The SoB intervention was created to address the overmedicalization of maternal care and excessive cesarean rates in Brazil [32], consistent with the Childbirth Humanization and RMC movements principles [1, 31]. The intervention, set in public spaces such as parks and street fairs, uses holograms, videos, role-playing, and other interactive techniques to offer the participants a childbirth experience. All participants are invited to walk through different sets as if pregnant and face the medicalized industries’ offers for childbirth. A detailed description of the intervention settings, methods, and implementation can be found in previously published papers of the Senses of Birth research team [32, 33].

Among the maternal care topics approached in the intervention are the intrapartum evidence-based practices. Evidence supporting these intrapartum practices is summarized in the WHO intrapartum care recommendations for a positive childbirth [3]. These practices are primarily, although not exclusively, dependent on the patient’s engagement. Thus, the SoB intervention was designed to address practices over which pregnant women have some degree of control or choice.

The intrapartum EBP discussed in the SoB intervention, and part of this study are: 1) creation and use of a birth plan; 2) one-to-one continuous support, including doula support and/or a companionship of choice throughout childbirth; 3) midwife care; 4) use of non-pharmacological pain relief methods; 5) freedom of mobility throughout labor; and 6) choice of position at delivery.

SoB is grounded in the Theory of Planned Behavior (TPB), and its proposed framework can be found in Sup. 1. TPB states that behavior can be directly influenced by the intention to engage in that behavior [34, 35]. The intention to perform a behavior is composed of attitudes, subjective norms, and perceived control over the behavior [35, 36]. Others have used TPB to understand childbirth and preference for the type of birth [3740], although no studies were found focusing on its use with intrapartum EBP.

Perceived behavioral control is the individual’s perceived self-efficacy, that is, the confidence in their ability to perform the behavior [35, 36]. Such perception of control is built by internal factors (knowledge acquired and skills learned) and external factors (practical resources available, opportunities to use it, and the presence of other supportive conditions) [3436]. For a woman to perceive that she can control the behavior of using the intrapartum EBP, therefore, increasing her intention to use it, she will need knowledge, skills, resources, and opportunities to increase her self-efficacy.
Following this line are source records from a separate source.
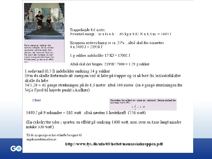Aktivitet • Du skal kunne udregne dit energiforbrug ved løb på trapper og fortælle hvor meget sukker du skal spise for at dække forbruget. • Du skal kunne regne ud hvor stor effekt du er i stand til at yde • Du skal kunne anvende/ forklare begreberne potentiel energi, kinetisk energi, kemisk energi, varmeenergi, effekt, joule, watt, hestekræfter • Udfordring: Hvor højt vil du kunne løbe op på én sodavand? • Perspektiv: Hvor meget energi forbrænder en elev i Kenya der må gå 6 km for at komme i skole?
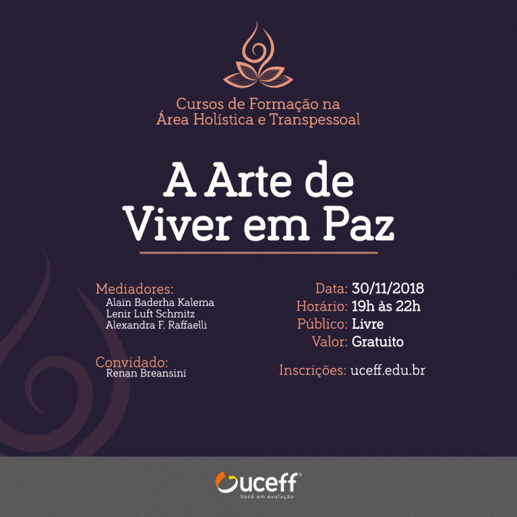 Com o objetivo de possibilitar o desenvolvimento holístico e transpessoal a UCEFF Itapiranga oferece o curso de extensão "A arte de viver em paz". Conforme o coordenador de extensão, professor Kurlan Frey, o primeiro evento será no dia 30 de novembro, das 19 às 22h, com os mediadores Alain Baderha Kalema, Lenir Luft Schmitz e Alexandra Raffaelli, além do convidado Renan Breansini.
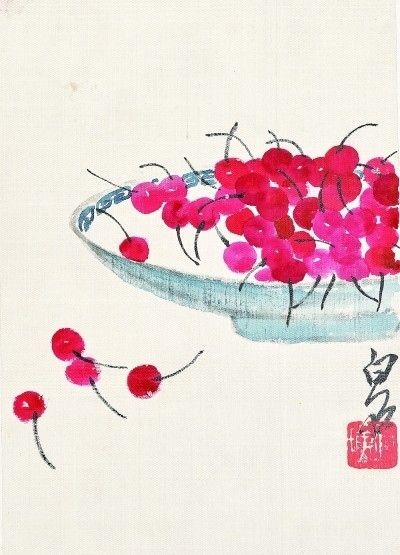 展柜中,不大的冊(cè)頁(yè)引得眾人圍觀。顆顆櫻桃被齊白石描繪得鮮嫩欲滴,它們擠在一個(gè)素樸的青花瓷盤中,還有幾顆散落在外,尤其鮮亮奪目?!侗P中櫻桃》是齊白石《聚珍十開冊(cè)》中的一幅,作于20世紀(jì)30年代。在這套冊(cè)頁(yè)中,無論是荷花游魚、麥穗螞蚱還是汀渚魚鷹,都在齊白石筆下顯得格外逼真?zhèn)魃瘛?/p>
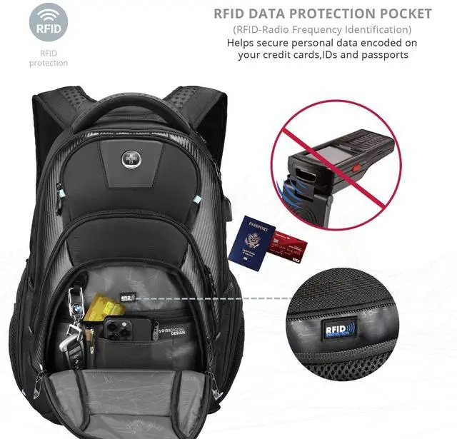 RFID DATA PROTECTION: Travel with peace of mind. With an integrated RFID protection compartment, helps to protect your personal data (such as credit cards, passports, and drivers licenses) from being accessed by scanners ^^
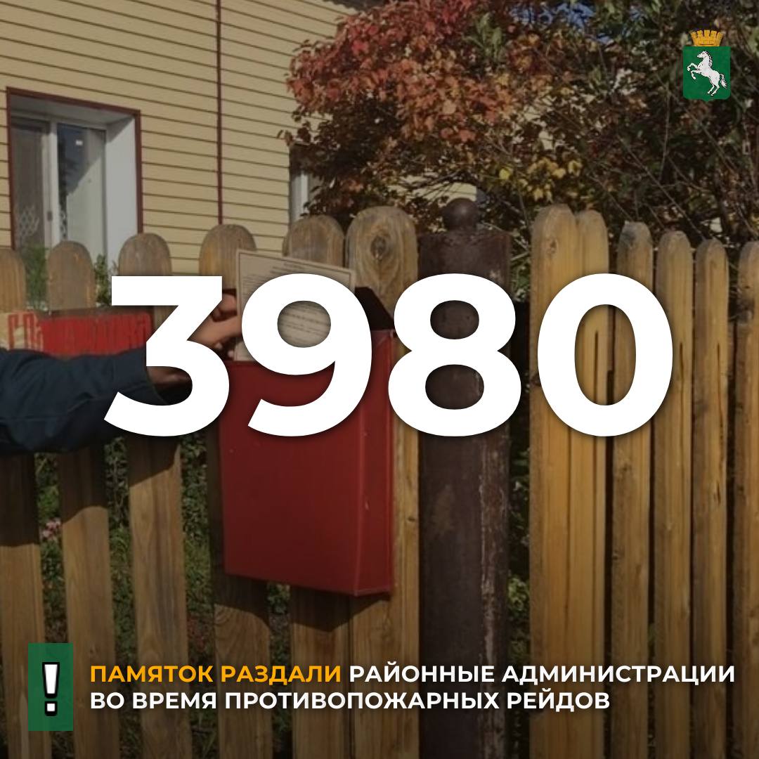 Сотрудники районных администраций ежедневно, включая выходные дни, проводят профилактические рейды по противопожарной безопасности. С начала года специалисты раздали 3980 информационных памяток с напоминаниями о правилах противопожарной безопасности.
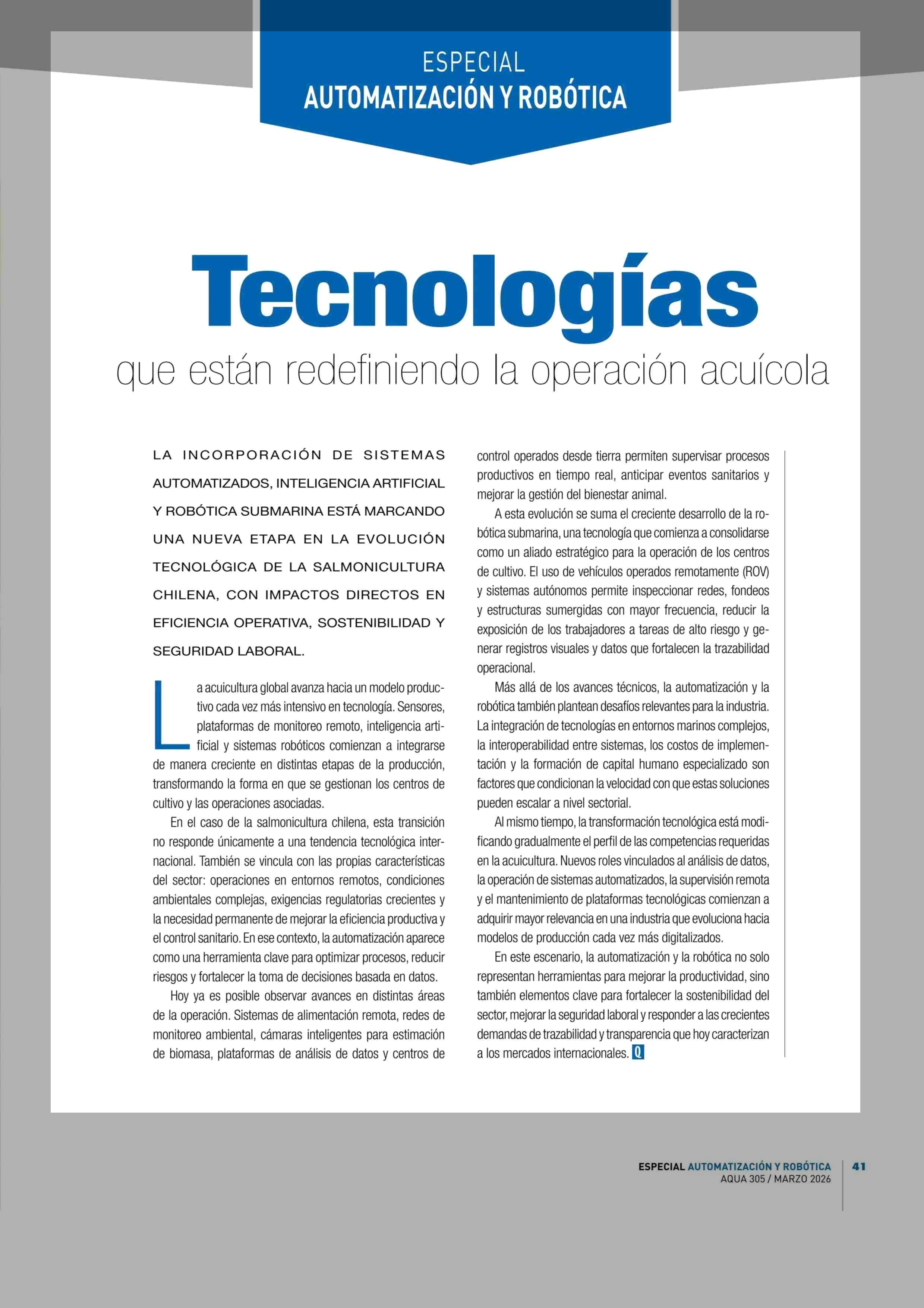 Tecnologías que están redefiniendo la operación acuícola 12-03-2026 Revista Aqua |
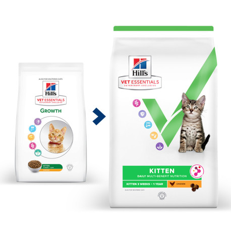 Hill's VET ESSENTIALS MULTI-BENEFIT Kitten Croquettes pour Chaton au Poulet est une nutrition complète aux bénéfices multiples, disponible exclusivement chez votre vétérinaire, et cliniquement prouvée pour soutenir la croissance et les besoins de développement de votre chaton. Pour une digestion saine et le bien-être en général, notre mélange prébiotique ActivBiome+ nourrit son microbiome en développement. Il est formulé avec des acides gras Oméga-3 pour favoriser le développement cérébral et des antioxydants pour soutenir le système immunitaire en développement — pour un meilleur quotidien, aujourd'hui et demain.
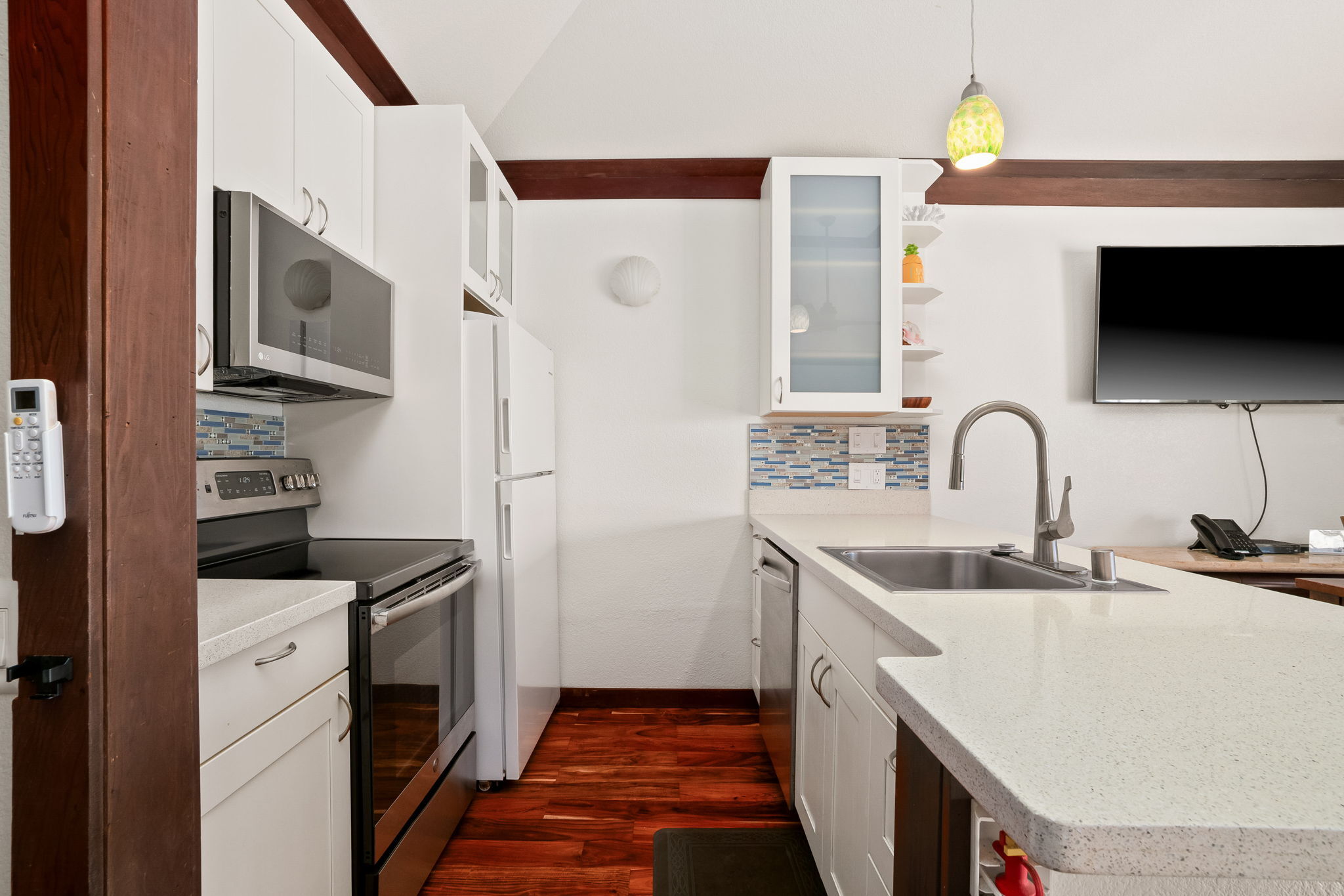 * Quartz countertops, soft-close cabinetry, tile backsplash.
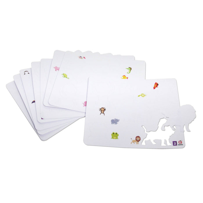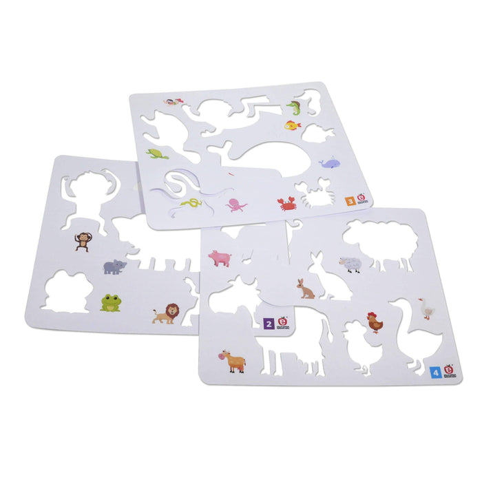 Contiene: 10 plantillas de plástico laminado con medidas de 23.5 x 19 cm, con diferentes temas y figuras del mismo material, incluye guía didáctica. Se presenta en caja de cartón con tapa impresa a todo color plastificada y con medidas de 28 x 24.x 3.5 cm aproximado.
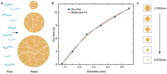 By comparing the simulated trends of individual particles with different diameters to the results obtained from our experimental tests, we observed a consistent pattern. In both cases, as the diameter of the resin particles decreased, the transition time from wet to dry conditions shortened. In the experiments (as shown in Figure 4c), the trend was not as pronounced for smaller diameters. We attribute this to the macroscopic effects of the combined action of several resin particles in the actual tests. It is possible that when multiple resin particles are arranged together, the airflow rate is constant, and thus the transition from wet to dry conditions does not occur simultaneously for all particles. In contrast, the simulation is a microscopic analysis focusing on individual particles. However, the overall trend aligns, indicating that our experimental results are consistent with theoretical simulations.

The internal and external factors can facilitate or create challenges for a woman to use an EBP. As observed by previous results of the SoB impact on women’s knowledge, Brazilian women have moderate knowledge about normal birth and cesarean, and weak knowledge about EBP, although most perceived an increase in all three knowledge domains (normal birth, cesarean, and evidence-based practices) after the SoB intervention [41]. The impact of the SoB intervention on women’s perceived knowledge indicates a need to improve information regarding normal birth and cesarean, and an even higher need to discuss the use of evidence-based practices with pregnant women [41].